For a large dataset:

```python
transforms.Compose([
    transforms.RandomResizedCrop(224),
    transforms.RandomHorizontalFlip(),
    transforms.RandAugment(num_ops=2, magnitude=9),
    transforms.ToTensor(),
    transforms.Normalize(mean, std),
    transforms.RandomErasing(p=0.25),
])
```

For fine-grained classification, use conservative crops and color changes. For robust general object classification, use stronger augmentation. For medical or scientific images, design augmentation with domain knowledge.

### Summary

Data augmentation improves generalization by training the model on label-preserving variations of the data. The main principle is semantic validity: an augmentation is useful only when it preserves the class label.

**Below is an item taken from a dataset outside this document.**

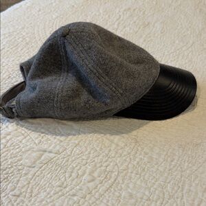 Stylish J. Crew cap with a gray wool crown and black leather brim. Perfect for casual outings.

In PyTorch, augmentation is usually implemented through torchvision transforms and, for batch-level methods, inside the training loop. Basic policies use crops, flips, and normalization. Stronger policies add color jitter, erasing, RandAugment, Mixup, and CutMix.

A good augmentation policy is empirical but constrained by domain knowledge. It should improve validation performance, preserve labels, and avoid hiding the signal needed for classification.